Salamander Hosts Project Update Meeting for Hammock Beach Owners and Club Members

The hullabaloo died down once Flagler County approved Salamander’s $72M (now $76M) capital expense project at the Hammock Beach Club. Progress will soon be apparent.

PALM COAST, FL – August 18, 2015 – Salamander Clubs and Resorts, which has an ownership interest in and operates the Hammock Beach Club and Resort in Palm Coast, FL hosted an overflow crowd August 12 for the quarterly update meeting for property owners and Club members.

Watchers have wondered what was happening since there has been little evidence of activity since the capital improvement project got the “green light” from the Flagler County Board of County Commissioners in February. Prem Devadas, President of Salamander Hotels & Resorts presented a project update.

Once the deadline to appeal the Flagler Board of County Commissioners (BOCC) had passed, Salamander was free to move forward. Devadas enumerated all the behind the scenes work required before visible progress could be made; architectural, engineering, design, permitting etc.

Here are some highlights of the presentation:

  • The halfway house will be renamed “Hammock House.” It will be completely rehabilitated and expanded to include several seats for indoors and outdoor dining and a full bar. This phase of the project is planned for completion before Thanksgiving.
  • Delfinos Restaurant will be redesigned to include a full bar in what is presently the raised portion in the center of the first floor. Work is planned to be completed in time for the Daytona 500 crowd.
  • Improvements will be made to the Aerobics Room and Fitness Center.
  • The main ballroom will be carpeted, painted and new wall sconces will be installed. Work is scheduled beginning in late December to be completed by February.
  • An agreement has been reached with the newly reconstituted Phase One Condominium Board under which Salamander committed $400,000 towards an upgrade and renovation of the main lobby. Work will begin in December and is planned to be completed by February.

 Lubert Adler and Salamander are seeking funding sources for the $76M project (originally planned at $72M). Both L-A and Salamander have committed to participate in the funding. Several parties have already expressed serious interest. About half of them are investors, the other half lenders. Devadas expects to have the funding in place by the end of this year.

Funding will allow the major components of the project to go forward:

  • Construction of a 198-room lodge and member/golf facility to replace the existing 20-room oceanfront lodge.
  • Renovaion of Loggerheads Restaurant.
  • Renovation of the spa budgeted for $1.2M.
  • Golf course renovation

If funding is in place by the targeted end of year, construction on the lodge should begin early next year and be completed by early 2018.
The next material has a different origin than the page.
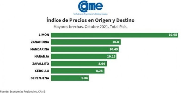 Según un reciente informe de CAME(Confederación Argentina de la Mediana Empresa), el consumidor pagó, en promedio, 5,6 veces más de lo que cobró el productor por esos alimentos. La participación del productor en los precios de venta se redujo levemente, a 25,7% en el mes. La diferencia de precios entre lo que pagó el consumidor y lo que recibió el productor en el campo por sus productos agropecuarios logró bajar al 4,9% por las mejoras en las brechas del tomate, el pimiento y la cebolla, principalmente.

Devadas was pleased to announce that the Hammock Beach Club and Resort were in a positive cash flow position. Further, he pledged to invest all positive cash flow into additional upgrades to the facility. Several suggestions were floated, including the addition of another pool to the Club’s popular water feature.

The redevelopment of the Hammock Beach Club will be a critical factor to the economic future or Palm Coast and Flagler County, just as the original development of Hammock Dunes, Ocean Hammock and Hammock Beach were a decade ago.

3 replies
  1. George Edward Chuddy
    George Edward Chuddy says:

    How that area was elevated with Canal Sands by Lev

    Orlando Sentinel
    ‘Tis a Privilege to Live in Central Florida

    Preservers Applaud Palm Coast
    by Peggy Poor
    Sentinel Staff

    Dramatically changing the damaged image of usually damned developers, ITT-Levitt Corp., now building Palm Coast, the country’s largest housing project in Flagler County, is winning kudos instead of kicks from conservationists.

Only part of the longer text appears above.